→ Exercise requirements: Only the lines below from the one containing "नुकताच बाबा झालेल्या" through the one containing "Structured creased calf" belong in the answer, repeated exactly and without pictures.

→ Source data:
*** Block opens ***

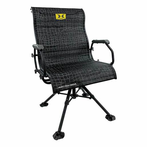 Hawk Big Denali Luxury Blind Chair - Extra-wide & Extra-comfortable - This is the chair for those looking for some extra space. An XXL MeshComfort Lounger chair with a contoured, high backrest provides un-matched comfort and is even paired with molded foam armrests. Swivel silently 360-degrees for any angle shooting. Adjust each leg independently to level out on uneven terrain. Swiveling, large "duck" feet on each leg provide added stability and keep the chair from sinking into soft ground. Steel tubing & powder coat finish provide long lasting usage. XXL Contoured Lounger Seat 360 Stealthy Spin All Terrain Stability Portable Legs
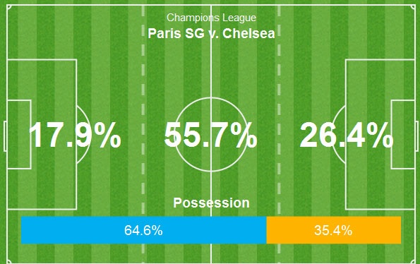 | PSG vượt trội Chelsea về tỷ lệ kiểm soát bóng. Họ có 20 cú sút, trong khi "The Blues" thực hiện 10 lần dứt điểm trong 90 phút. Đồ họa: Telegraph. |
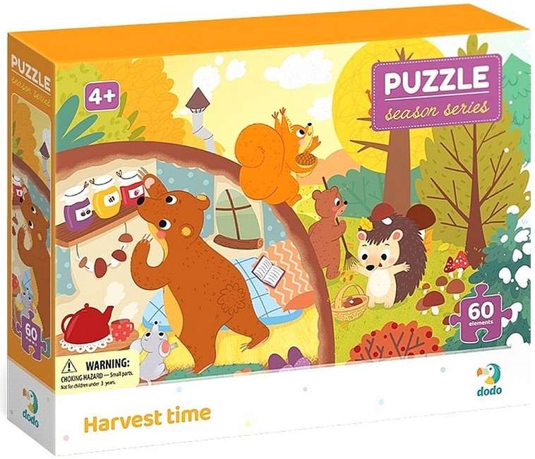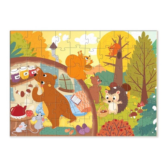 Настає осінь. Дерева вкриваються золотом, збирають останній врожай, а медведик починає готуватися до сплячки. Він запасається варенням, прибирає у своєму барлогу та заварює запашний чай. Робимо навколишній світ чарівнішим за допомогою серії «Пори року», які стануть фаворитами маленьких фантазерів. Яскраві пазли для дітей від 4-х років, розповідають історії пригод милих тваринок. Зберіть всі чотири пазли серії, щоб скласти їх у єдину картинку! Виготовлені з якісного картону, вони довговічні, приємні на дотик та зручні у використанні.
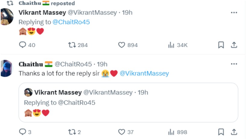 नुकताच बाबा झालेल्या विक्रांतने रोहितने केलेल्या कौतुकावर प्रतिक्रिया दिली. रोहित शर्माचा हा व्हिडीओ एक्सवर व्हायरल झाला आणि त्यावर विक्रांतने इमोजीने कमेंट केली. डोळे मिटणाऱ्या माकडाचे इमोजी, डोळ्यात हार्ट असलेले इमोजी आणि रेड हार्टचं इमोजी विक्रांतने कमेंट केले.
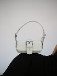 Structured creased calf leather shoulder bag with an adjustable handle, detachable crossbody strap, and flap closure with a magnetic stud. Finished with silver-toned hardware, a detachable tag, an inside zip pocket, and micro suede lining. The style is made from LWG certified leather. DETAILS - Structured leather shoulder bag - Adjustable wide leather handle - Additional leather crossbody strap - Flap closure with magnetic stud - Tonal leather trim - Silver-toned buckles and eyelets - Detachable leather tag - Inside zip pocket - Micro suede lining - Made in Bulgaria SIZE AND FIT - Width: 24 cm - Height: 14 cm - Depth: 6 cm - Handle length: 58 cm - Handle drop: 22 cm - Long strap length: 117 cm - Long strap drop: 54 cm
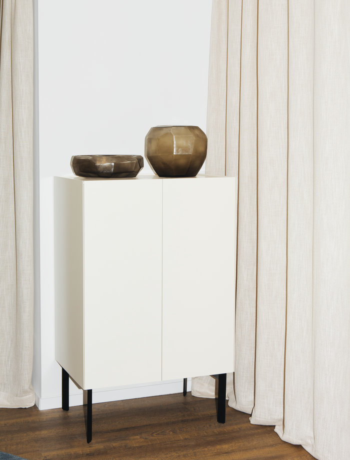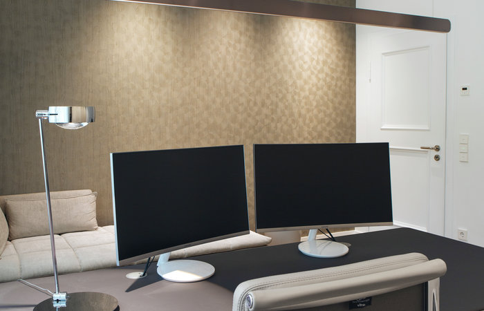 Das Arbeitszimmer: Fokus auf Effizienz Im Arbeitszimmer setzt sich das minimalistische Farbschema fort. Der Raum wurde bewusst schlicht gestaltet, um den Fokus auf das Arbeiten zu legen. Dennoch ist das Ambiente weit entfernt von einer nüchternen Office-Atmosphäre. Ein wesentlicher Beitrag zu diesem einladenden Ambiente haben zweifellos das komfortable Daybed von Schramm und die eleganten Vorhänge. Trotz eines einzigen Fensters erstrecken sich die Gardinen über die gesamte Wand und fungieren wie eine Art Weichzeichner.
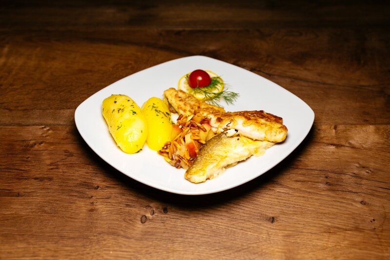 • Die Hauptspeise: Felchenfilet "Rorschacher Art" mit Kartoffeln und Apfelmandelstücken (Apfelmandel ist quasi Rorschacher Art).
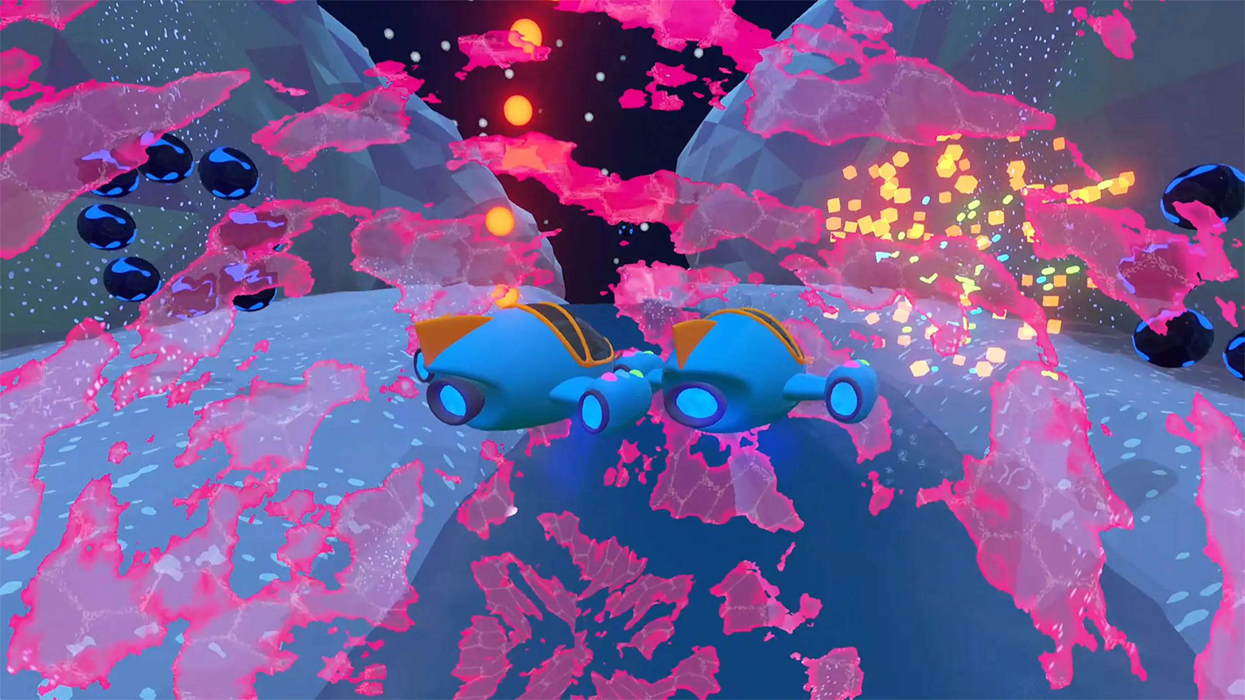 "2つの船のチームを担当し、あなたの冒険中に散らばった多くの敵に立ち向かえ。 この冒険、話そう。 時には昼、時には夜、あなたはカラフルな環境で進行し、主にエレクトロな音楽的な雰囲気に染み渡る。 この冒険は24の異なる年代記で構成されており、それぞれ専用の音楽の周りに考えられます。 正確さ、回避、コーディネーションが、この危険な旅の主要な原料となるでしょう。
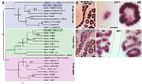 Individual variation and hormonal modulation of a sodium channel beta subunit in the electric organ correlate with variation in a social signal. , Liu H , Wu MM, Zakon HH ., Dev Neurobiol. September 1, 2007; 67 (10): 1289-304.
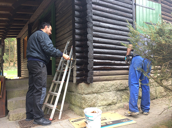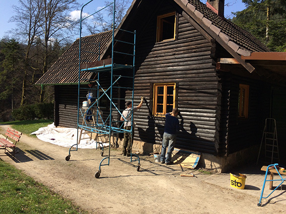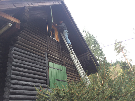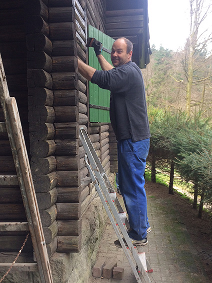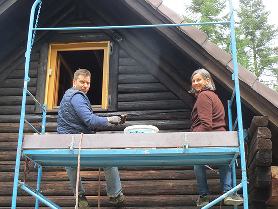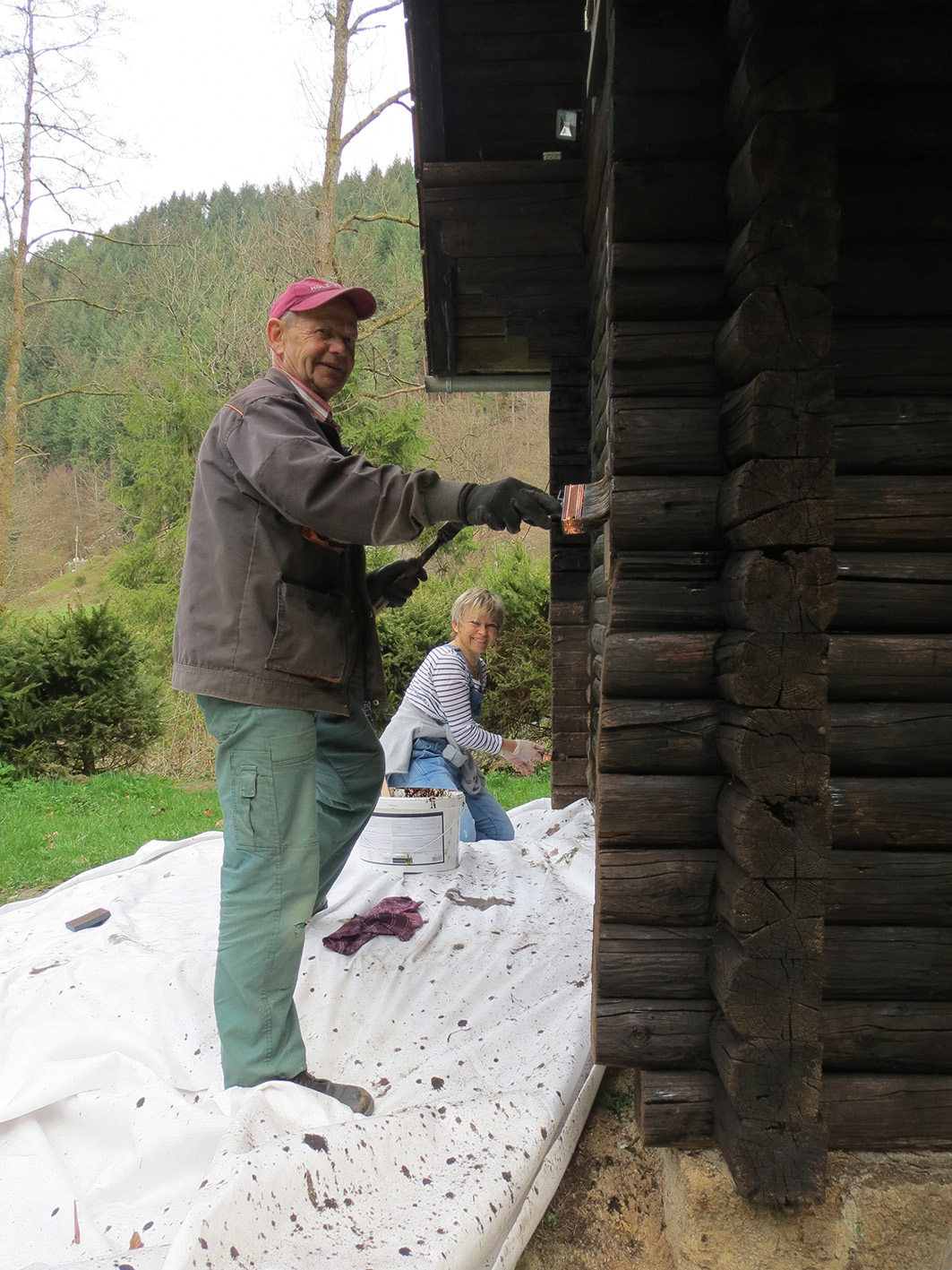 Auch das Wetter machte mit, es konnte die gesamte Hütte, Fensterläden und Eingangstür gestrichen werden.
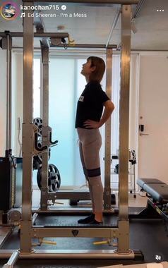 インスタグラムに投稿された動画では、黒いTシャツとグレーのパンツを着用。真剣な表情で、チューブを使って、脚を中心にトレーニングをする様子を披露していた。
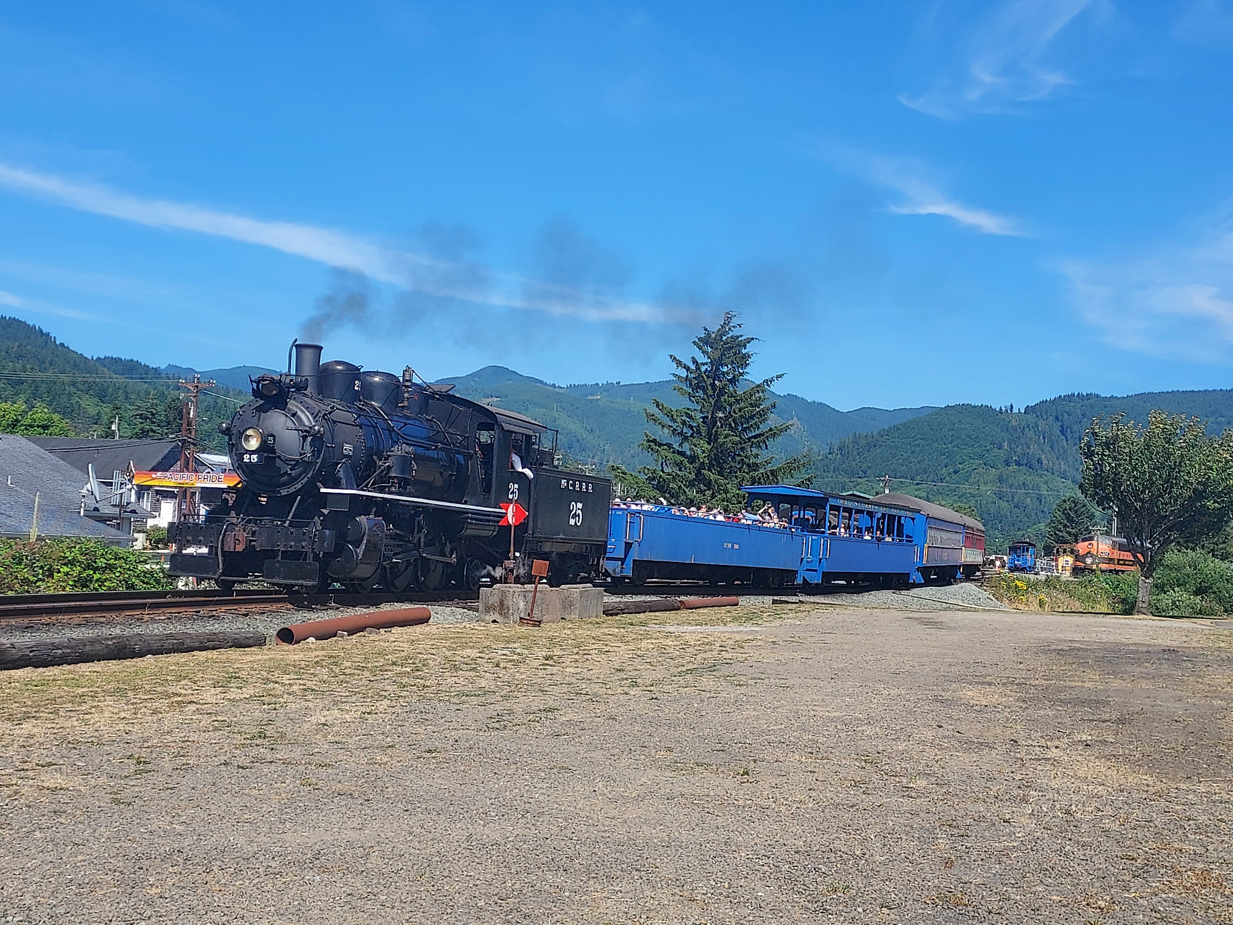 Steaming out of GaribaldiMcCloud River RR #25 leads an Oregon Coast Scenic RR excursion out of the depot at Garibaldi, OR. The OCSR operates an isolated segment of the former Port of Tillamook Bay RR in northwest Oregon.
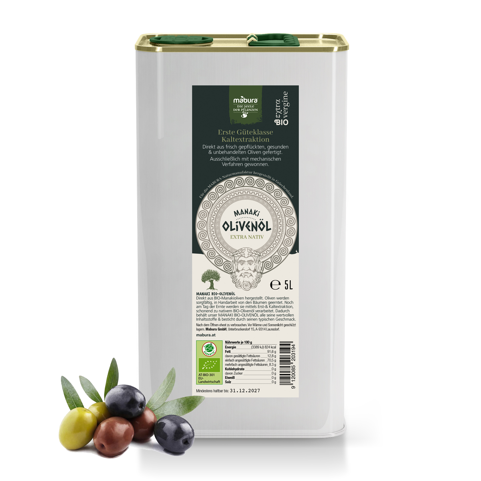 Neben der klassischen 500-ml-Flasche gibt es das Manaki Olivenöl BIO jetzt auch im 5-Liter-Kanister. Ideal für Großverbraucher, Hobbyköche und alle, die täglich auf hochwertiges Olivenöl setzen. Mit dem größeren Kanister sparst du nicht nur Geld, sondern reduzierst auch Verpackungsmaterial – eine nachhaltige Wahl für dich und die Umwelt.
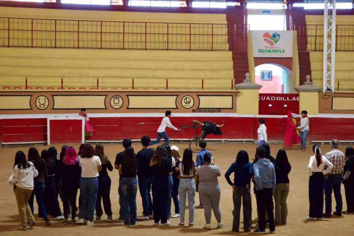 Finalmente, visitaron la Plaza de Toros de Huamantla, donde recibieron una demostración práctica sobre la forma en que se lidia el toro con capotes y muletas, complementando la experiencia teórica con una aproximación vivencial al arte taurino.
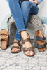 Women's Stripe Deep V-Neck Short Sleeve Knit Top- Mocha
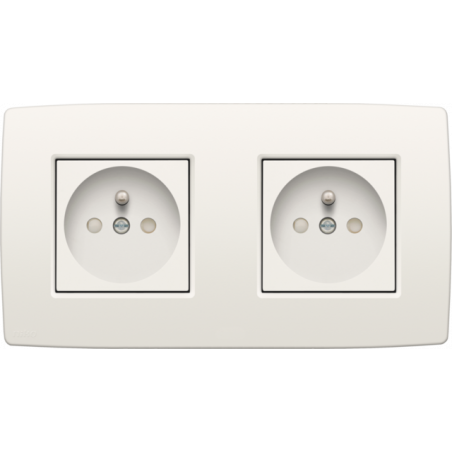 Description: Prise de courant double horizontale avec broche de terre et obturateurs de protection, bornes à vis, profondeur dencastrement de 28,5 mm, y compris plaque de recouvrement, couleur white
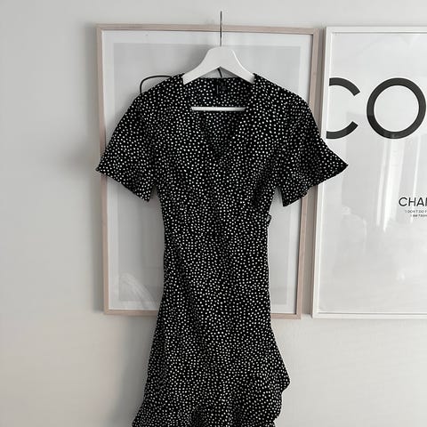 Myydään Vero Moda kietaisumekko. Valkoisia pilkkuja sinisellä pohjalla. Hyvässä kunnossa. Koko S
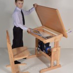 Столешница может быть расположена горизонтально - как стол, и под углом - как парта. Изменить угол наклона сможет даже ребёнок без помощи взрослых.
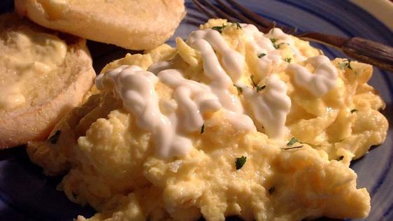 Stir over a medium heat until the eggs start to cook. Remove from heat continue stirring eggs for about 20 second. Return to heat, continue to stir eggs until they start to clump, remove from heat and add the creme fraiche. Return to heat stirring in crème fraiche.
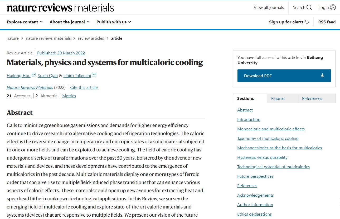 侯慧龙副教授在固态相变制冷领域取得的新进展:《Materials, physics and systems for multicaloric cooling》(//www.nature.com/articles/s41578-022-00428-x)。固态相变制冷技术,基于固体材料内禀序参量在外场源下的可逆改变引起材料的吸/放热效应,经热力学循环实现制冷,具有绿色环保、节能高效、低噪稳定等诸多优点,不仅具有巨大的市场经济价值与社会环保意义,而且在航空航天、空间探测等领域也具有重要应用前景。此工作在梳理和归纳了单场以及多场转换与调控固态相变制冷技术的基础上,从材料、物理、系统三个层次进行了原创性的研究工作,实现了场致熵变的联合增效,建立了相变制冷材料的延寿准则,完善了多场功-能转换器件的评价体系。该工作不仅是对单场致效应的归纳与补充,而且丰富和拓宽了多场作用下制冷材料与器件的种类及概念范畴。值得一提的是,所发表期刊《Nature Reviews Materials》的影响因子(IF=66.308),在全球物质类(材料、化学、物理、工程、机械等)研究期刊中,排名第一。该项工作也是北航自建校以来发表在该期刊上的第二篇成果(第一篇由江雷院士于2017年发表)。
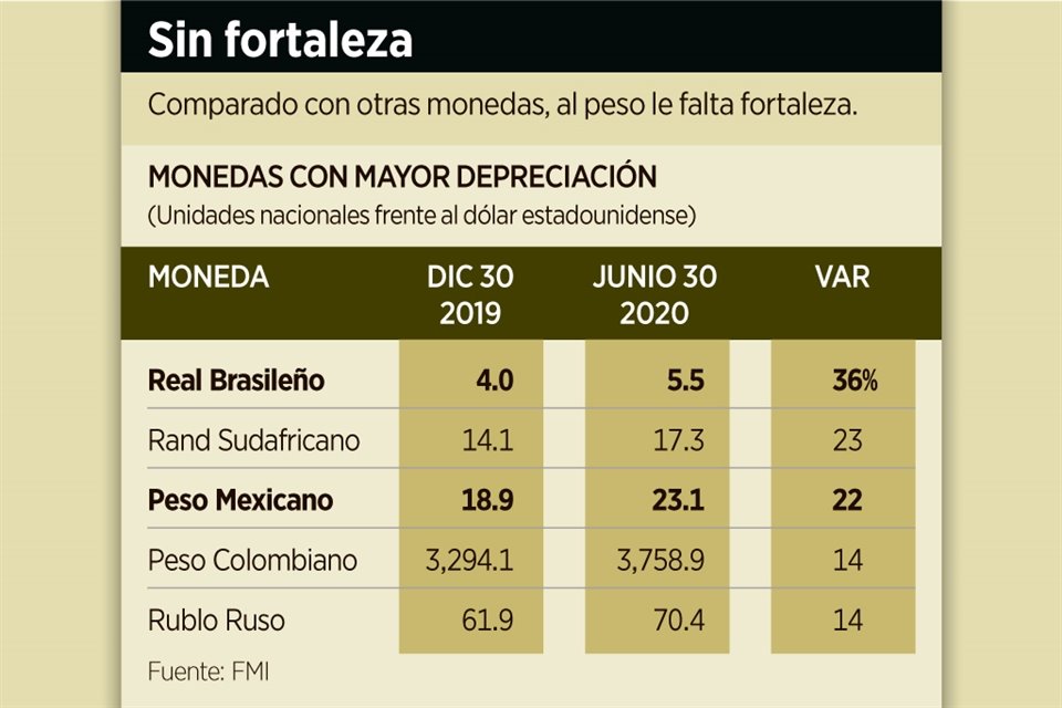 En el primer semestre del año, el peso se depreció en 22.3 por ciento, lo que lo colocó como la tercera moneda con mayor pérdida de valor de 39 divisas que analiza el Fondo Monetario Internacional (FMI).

*** Block closes ***

→ Solution:
 नुकताच बाबा झालेल्या विक्रांतने रोहितने केलेल्या कौतुकावर प्रतिक्रिया दिली. रोहित शर्माचा हा व्हिडीओ एक्सवर व्हायरल झाला आणि त्यावर विक्रांतने इमोजीने कमेंट केली. डोळे मिटणाऱ्या माकडाचे इमोजी, डोळ्यात हार्ट असलेले इमोजी आणि रेड हार्टचं इमोजी विक्रांतने कमेंट केले.
 Structured creased calf leather shoulder bag with an adjustable handle, detachable crossbody strap, and flap closure with a magnetic stud. Finished with silver-toned hardware, a detachable tag, an inside zip pocket, and micro suede lining. The style is made from LWG certified leather. DETAILS - Structured leather shoulder bag - Adjustable wide leather handle - Additional leather crossbody strap - Flap closure with magnetic stud - Tonal leather trim - Silver-toned buckles and eyelets - Detachable leather tag - Inside zip pocket - Micro suede lining - Made in Bulgaria SIZE AND FIT - Width: 24 cm - Height: 14 cm - Depth: 6 cm - Handle length: 58 cm - Handle drop: 22 cm - Long strap length: 117 cm - Long strap drop: 54 cm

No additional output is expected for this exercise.